Xerox to Cut More Jobs, Restructure After Quarterly Loss
Xerox Corp. will cut more jobs, sell part of a stake in a Fuji Xerox joint venture and other businesses and stop financing equipment sales after reporting its first quarterly loss in 16 years.
The world’s largest copier maker will sell assets valued at $2 billion to $4 billion and cut $1 billion in costs in 2001. It’s in talks to sell its $200-million China business and is looking for joint venture partners for its Palo Alto Research Center and for investment in its inkjet-printer business.

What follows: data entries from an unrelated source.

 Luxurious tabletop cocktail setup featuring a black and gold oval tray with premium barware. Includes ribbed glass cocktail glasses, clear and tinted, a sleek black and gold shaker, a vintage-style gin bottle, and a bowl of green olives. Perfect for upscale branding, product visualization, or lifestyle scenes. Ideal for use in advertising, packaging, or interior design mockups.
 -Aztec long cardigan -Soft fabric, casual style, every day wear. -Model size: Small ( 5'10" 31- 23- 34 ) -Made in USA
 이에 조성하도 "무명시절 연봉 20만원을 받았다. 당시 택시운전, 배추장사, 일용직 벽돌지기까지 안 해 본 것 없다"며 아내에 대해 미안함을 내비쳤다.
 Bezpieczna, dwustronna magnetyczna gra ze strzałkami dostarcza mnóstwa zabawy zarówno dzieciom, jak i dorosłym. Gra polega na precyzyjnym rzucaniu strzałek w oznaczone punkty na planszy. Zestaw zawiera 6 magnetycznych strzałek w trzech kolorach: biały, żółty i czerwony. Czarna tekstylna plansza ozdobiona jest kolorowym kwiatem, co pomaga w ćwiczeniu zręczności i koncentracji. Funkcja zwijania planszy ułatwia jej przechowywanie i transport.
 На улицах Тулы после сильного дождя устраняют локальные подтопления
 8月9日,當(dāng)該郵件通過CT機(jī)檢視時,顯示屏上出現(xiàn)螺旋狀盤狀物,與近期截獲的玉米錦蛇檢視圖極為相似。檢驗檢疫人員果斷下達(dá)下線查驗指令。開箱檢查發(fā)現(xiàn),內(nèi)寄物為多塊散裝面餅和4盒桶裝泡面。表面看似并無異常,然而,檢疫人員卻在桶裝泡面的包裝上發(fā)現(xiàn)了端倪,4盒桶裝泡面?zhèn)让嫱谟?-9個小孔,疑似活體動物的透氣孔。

Xerox has used about two-thirds of a $7-billion credit line to fund operations because it’s been unable to sell commercial paper, or short-term IOUs. Competition from such rivals as Canon Inc. and an ill-conceived reorganization choked sales and profit. Xerox missed profit forecasts four times in the past five quarters and its shares tumbled 65% in the last year.

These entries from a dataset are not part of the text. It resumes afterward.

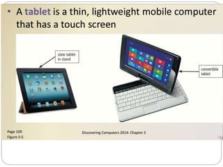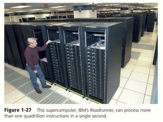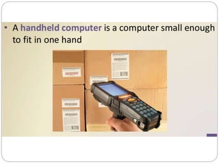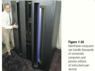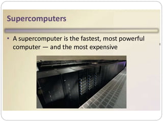 Computers are classified into three main types based on size and capacity: mainframe computers which are large and powerful used by many users at once in large organizations; minicomputers which are medium-sized used by many users at once in small organizations; and microcomputers or personal computers which are small and meant for individual use like desktops, laptops, and other mobile devices.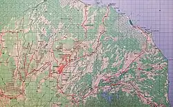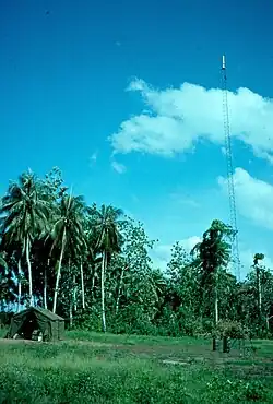 A cornerstone of the high quality scale 1:100,000 topographic line maps produced of the entire country in the 1970s was the geodetic survey on which the topographic survey was based. The high order astronomic/triangulation/trilateration network through the Papua and New Guinea highlands was undertaken by Australia's Division of National Mapping (DNM) 1962–1965.[10][11] At the same time (1962 and 1963) Topo Sqn AHQ Svy Regt undertook a high order coastal traverse around mainland Papua and New Guinea with intersections to the DNM highlands survey when the beacons were visible.[12] The rapid progress of surveys in the 1960s would not have been possible if it was not for the technological development of the microwave electromagnetic distance measurement man-portable system Tellurometer and using helicopters capable of positioning and resupplying survey parties on high altitude survey stations between 10,000 feet and 15,000 feet above sea level. In 1963 the Australian Government was very concerned about the land border with Indonesia an area very poorly mapped. RA Svy used a new Radar Airborne Profile Recorder to map the border area which required additional horizontal and vertical control such that height contours could be mapped. In 1964, Topo Sqn AHQ Svy Regt undertook a three-year program of topographic survey control for scale 1:100,000 mapping of a three degree longitude band east of the land border. Horizontal control was by trilateration network using a new airborne electromagnetic distance measurement system, Aerodist MRC2, connected to the high order surveys established by RA Svy and DNM 1962 -1965. [13] Mixed results were achieved with mapping photography of the border area in the 1960s. At the same time a US Air Force airborne High Frequency Ranging and Navigation (HIRAN) trilateration network measuring long lines between ground stations connected Australia, Papua, New Guinea, New Britain, New Ireland and Buka (Bougainville) to a wider South West Pacific Survey to the north-east.[14] All of these surveys contributed to the 1966 Australian geodetic network adjustment and the resulting coordinate set in the Australian Geodetic Datum 1966. Australia had decided to map the entire Territory at scale 1:100,000 and control surveys for the remainder of mainland PNG were taken up on operations from four to nine months long by Northern Command Field Survey Unit/1 Fd Svy Sqn (Brisbane) mainly using Aerodist MRC2 in 1969 and 1970, and by 4 Fd Svy Sqn (Adelaide) mainly using Aerodist MRB3/201 (computer assisted) from 1972 to 1974 and portable Transit Doppler satellite (US Navy navigation satellites) AN/PRR-14 Geodetic Receiver (Geoceivers) in 1974. In 1970 a British Royal Engineer Survey Troop was attached to 1 Fd Svy Sqn. Vertical (height) control for the mapping was a combination of trigonometric heighting, barometric heighting by Army Sioux helicopter, levelling with connections to sea level and WREMAPS II Airborne Profile Recorder (APR).[6][9][15][16] [13] [17]
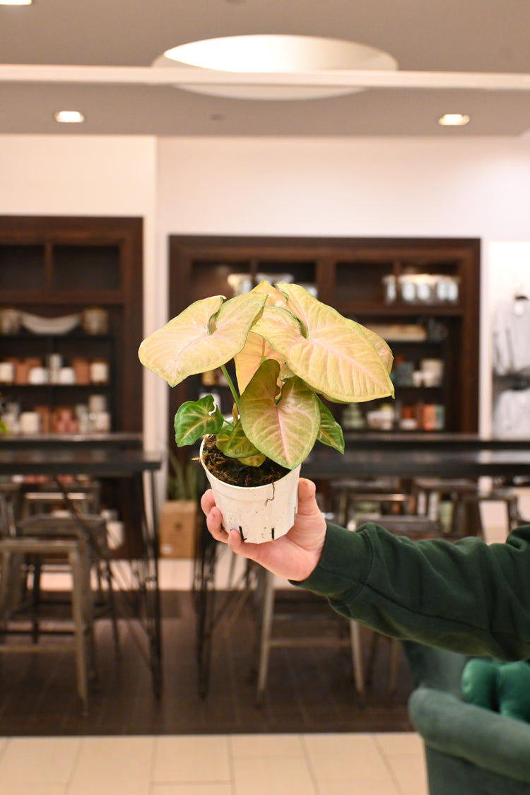Syngonium plants are easy to care for and have a lot to offer as far as colors, patterns, and leaf shape. They thrive in medium light, a couple feet away from a window & love humidity. Keep your Syngonium in a chunky potting mix.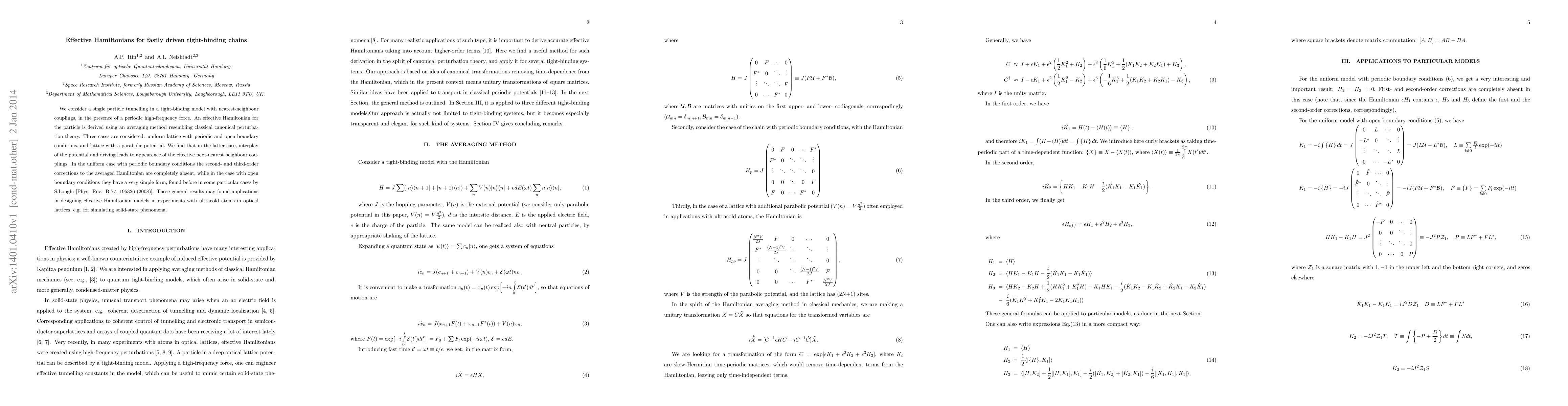 Researchers developed an effective Hamiltonian model to describe a particle in a tight-binding chain under high-frequency driving forces, revealing new insights into the interplay between potential and driving forces.

“They had to do this,” said Domenick Fumai, an analyst with BNP Paribas Inc., which is considering buying Xerox bonds. “It seems now they have a strategy to at least go forward.”

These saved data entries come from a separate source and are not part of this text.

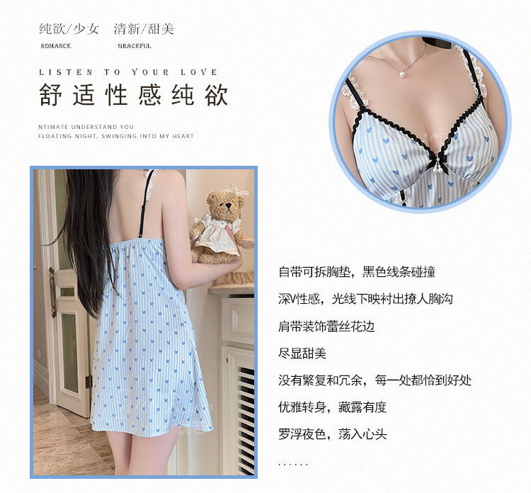 DZ Gorgeous Passionate Hot Smooth Ice Silk Pajamas Deep V Temptation Lazy Ladies Nightdress Set with Chest Pads5187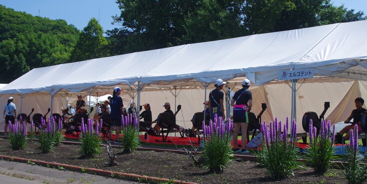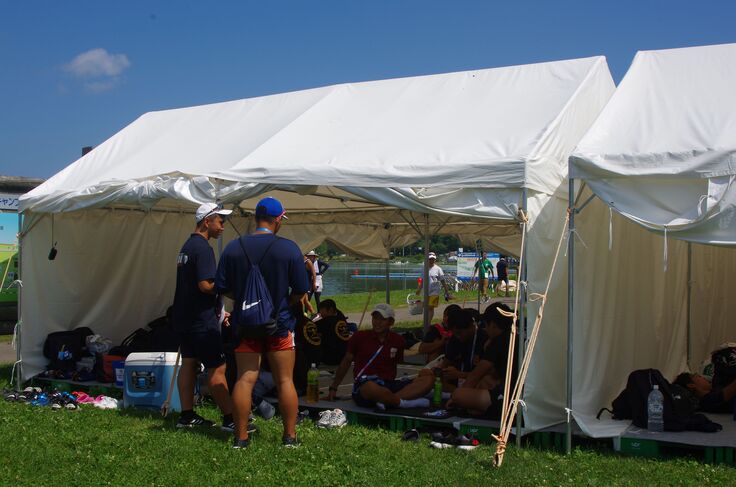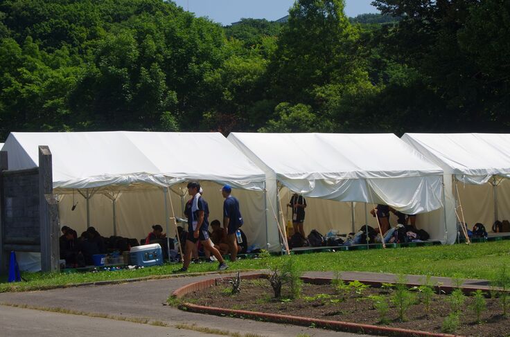 広々とした選手テント。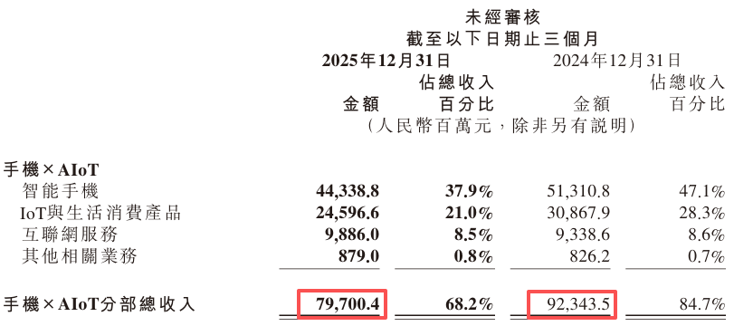 原因是,小米手机出货量减少、平均售价下降,也就是量价齐跌。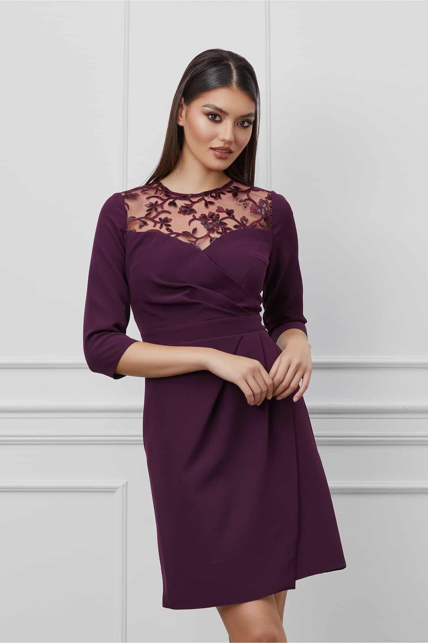 Rochie Dy Fashion mov cu dantela la bust si pliuri pe fusta Transport Gratuit* la orice comanda! Retur in 14 zile! ! Transport si retur gratuite indifernet de valoarea comenzii!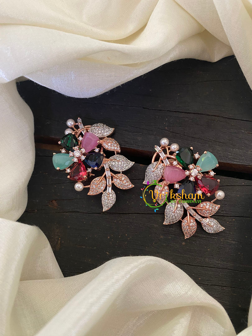 Multicolor Floral American Diamond Stud -Designer wear ad earrings; comes as a pair.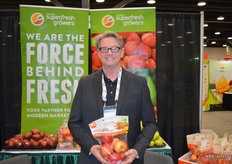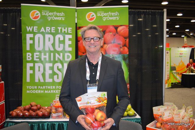 Dan Harrington with Domex Superfresh Growers proudly shows a pouch bag with Autumn Glory apples.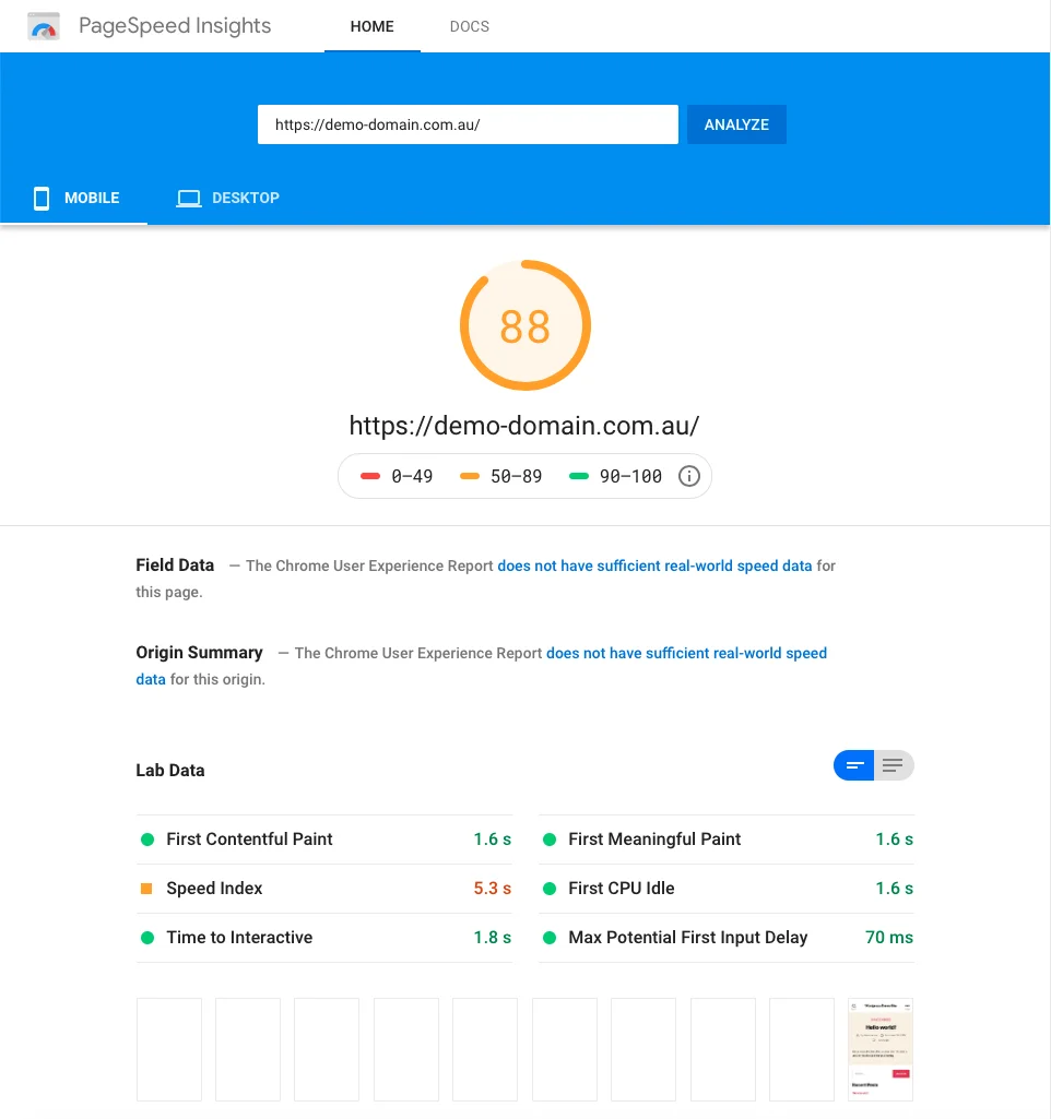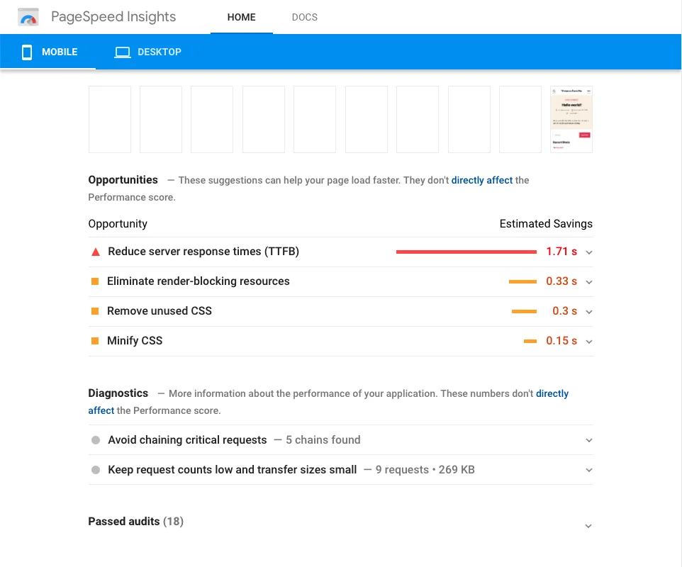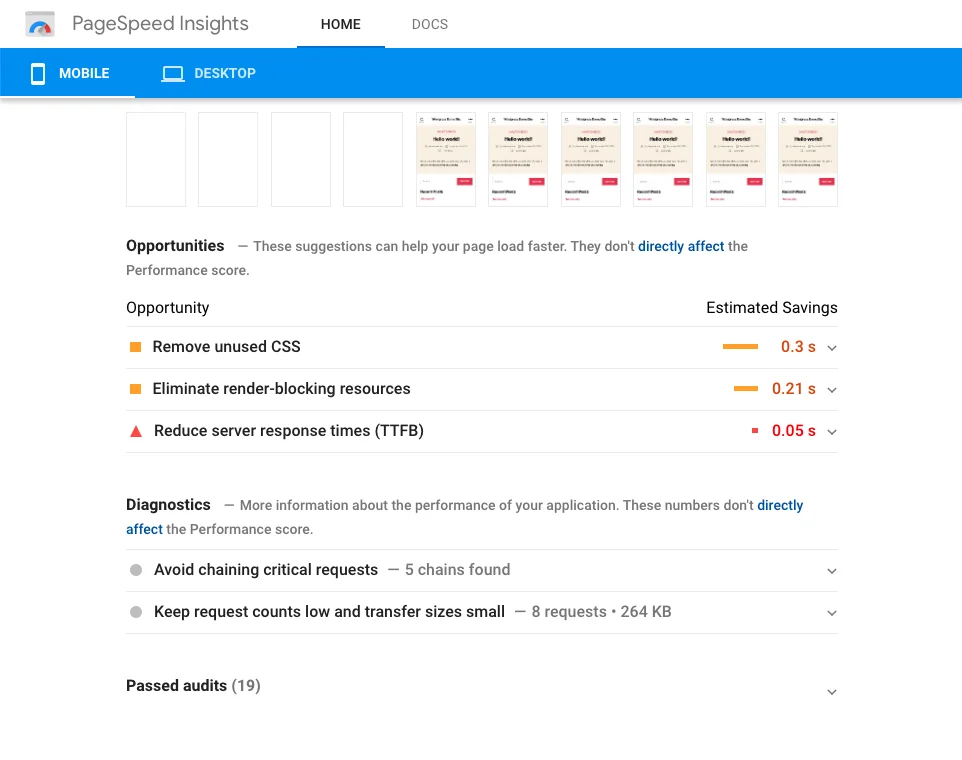 We ran a benchmark Google Pagespeed Insights test after installing a fresh copy of Wordpress. These were the results:

Shares of Stamford, Conn.-based Xerox fell 31 cents to $8.81 on the New York Stock Exchange. The overhaul is designed to reduce Xerox’s $18-billion debt.
The company plans to cut about $600 million in sales and general administrative costs. Depending on which assets are sold, the job cuts could be “quite large,” said Anne Mulcahy, president and chief operating officer. Xerox has 94,000 employees worldwide.
Xerox has been unable to borrow from investors in the money markets since it disclosed the third- quarter loss this month. Xerox originally used the $7-billion line of credit to back up its commercial paper, of which it now has $1.6 billion outstanding.
“It seems they’ve done a lot of little stuff, which maybe adds up to something adequate, but it’s still going to be tough going for a while,” said Gibboney Huske, an analyst at Credit Suisse First Boston Inc.
Xerox had a third-quarter loss from operations of $128 million, or 20 cents a share, compared with net income of $339 million, or 47 cents, a year earlier. Sales fell 4% to $4.5 billion from $4.63 billion.
The company’s credit troubles stem in part from the $11 billion it borrowed to finance equipment sales. Xerox Credit Corp., its finance unit, is one of the company’s most profitable businesses. Xerox is looking at all options for getting out of the financing business over time, though it will still make sure its customers can get financing for their purchases.
The company is holding talks with Fuji Photo Film Co. to sell half of its 50% stake in Fuji Xerox, their joint venture since 1962, Chief Executive Paul Allaire said. Analysts valued Xerox’s share of the business, which makes copiers and laser printers, at $6.4 billion.
Xerox also plans to cut costs by eliminating duplication, shedding $200 million in manufacturing and supply chain costs and getting rid of the worldwide service-staff organization. It also will sell its large-format-photo printing-systems business, which has more than $500 million in sales.